PROBLEM TO SOLVE: Once the line containing "Юбка-миди трапецивидной формы" is found in the material below, it and every line after it should be transcribed exactly, with pictures left out and nothing added.

*** Begin section ***

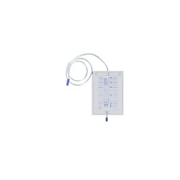 SACCA DRENAGGIO URINARIO A CIRCUITO CHIUSO, CAPACITA' 2000ML, GRADUATA, TUBO DI COLLEGAMENTO LARGO PER PREVENIRE LE INFEZIONI. P
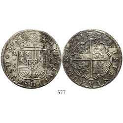 Seville, Spain, milled 8 reales, Philip V, 1733PA. CT-945; KM-358. 25.88 grams. Choice AU with minimal surface corrosion, deep toning all over, scarce
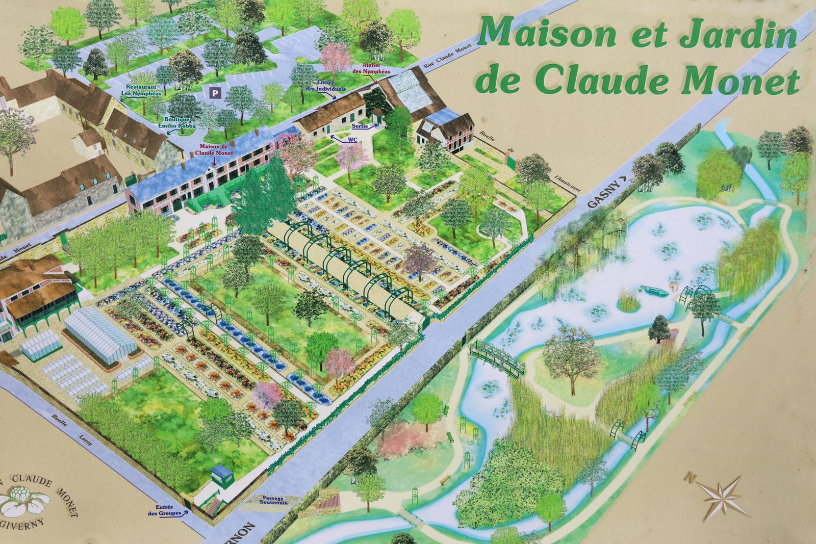 Maison et Jardins Claude Monet-Giverny, ouverture de la maison et des jardins d’avril à novembre. Boutique librairie dans le Grand Atelier des Nymphéas. Rue Claude Monet 84, Giverny, France, A13, sortie Vernon, à une heure de Paris et de Rouen. https://fondation-monet.com/
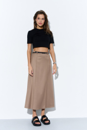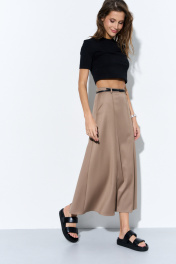 Юбка-миди трапецивидной формы из гладкой костюмной ткани с отстроченными кантами, имитирующими клинья. В боковых швах обработаны наклонные карманы. Пояс притачной со шлевками. Застежка на потайную тесьму-молнию в бокомом шве. Изделие без подкладки. Длина изделия 91 см.
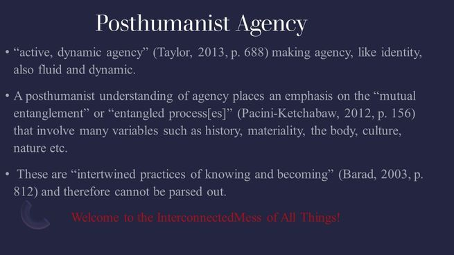 Regarding agency, posthumanist research discusses an “active, dynamic agency” (Taylor, 2013, p. 688) making agency, like identity, also fluid and dynamic. A posthumanist understanding of agency places an emphasis on the “mutual entanglement” or “entangled process[es]” (Pacini-Ketchabaw, 2012, p. 156) that involve many variables such as history, materiality, the body, culture, nature etc. These are “intertwined practices of knowing and becoming” (Barad, 2003, p. 812) and cannot be parsed out. Therefore, identity and agency are fluid, dynamic and a compounded part of the InterconnectedMess of all things. Thank you.
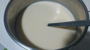 然然后加入牛奶,白糖煮开,煮开后加入打好的蛋清
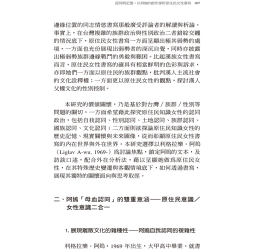 原住民女性作者做為多重「少數」,「我是誰」是她們必須不斷被質問、自我提問,以及面對的生命課題,「認同」也就成為她們書寫中的核心母題。麗依京、阿烏、阿綺骨三位作者,分別出生於1950、1969、1983,分屬三個不同世代,隸屬泰雅、排灣、阿美等三個不同族裔,分別從三種不同的角度,來處理自我身分認同的課題。阿烏著力於族群與性別的認同辯證,麗依京將族群認同與國族認同綰結在一起,而阿綺骨則游離出族群的疆界,思索主體內在的自我認同。三位作者筆下的主體認同差異紋理,使原住民女性書寫中的認同圖景更見多元紛繁。
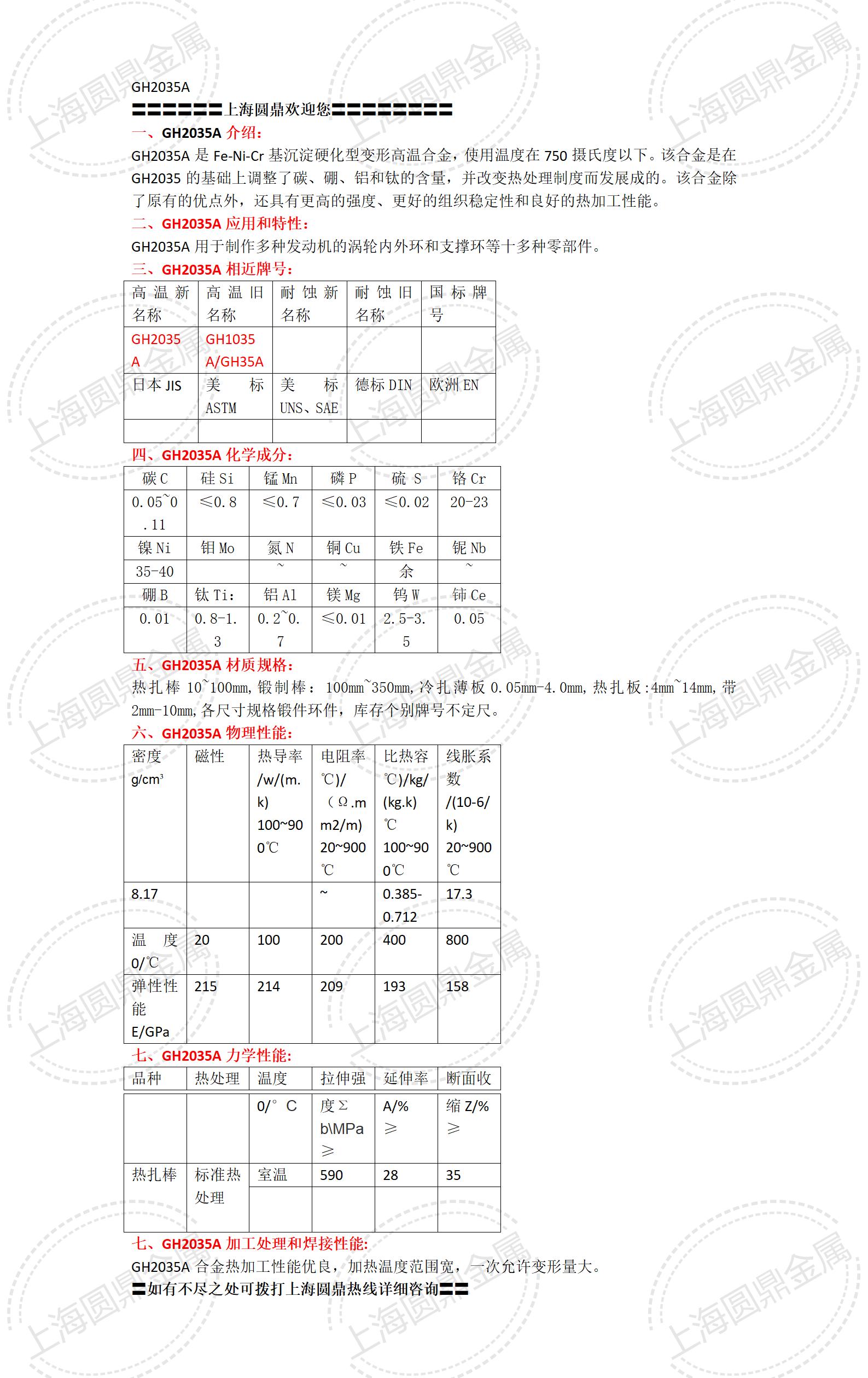 GH2035A(GH35A)镍基高温合金

*** End section ***

EXERCISE SOLUTION:
 Юбка-миди трапецивидной формы из гладкой костюмной ткани с отстроченными кантами, имитирующими клинья. В боковых швах обработаны наклонные карманы. Пояс притачной со шлевками. Застежка на потайную тесьму-молнию в бокомом шве. Изделие без подкладки. Длина изделия 91 см.
 Regarding agency, posthumanist research discusses an “active, dynamic agency” (Taylor, 2013, p. 688) making agency, like identity, also fluid and dynamic. A posthumanist understanding of agency places an emphasis on the “mutual entanglement” or “entangled process[es]” (Pacini-Ketchabaw, 2012, p. 156) that involve many variables such as history, materiality, the body, culture, nature etc. These are “intertwined practices of knowing and becoming” (Barad, 2003, p. 812) and cannot be parsed out. Therefore, identity and agency are fluid, dynamic and a compounded part of the InterconnectedMess of all things. Thank you.
 然然后加入牛奶,白糖煮开,煮开后加入打好的蛋清
 原住民女性作者做為多重「少數」,「我是誰」是她們必須不斷被質問、自我提問,以及面對的生命課題,「認同」也就成為她們書寫中的核心母題。麗依京、阿烏、阿綺骨三位作者,分別出生於1950、1969、1983,分屬三個不同世代,隸屬泰雅、排灣、阿美等三個不同族裔,分別從三種不同的角度,來處理自我身分認同的課題。阿烏著力於族群與性別的認同辯證,麗依京將族群認同與國族認同綰結在一起,而阿綺骨則游離出族群的疆界,思索主體內在的自我認同。三位作者筆下的主體認同差異紋理,使原住民女性書寫中的認同圖景更見多元紛繁。
 GH2035A(GH35A)镍基高温合金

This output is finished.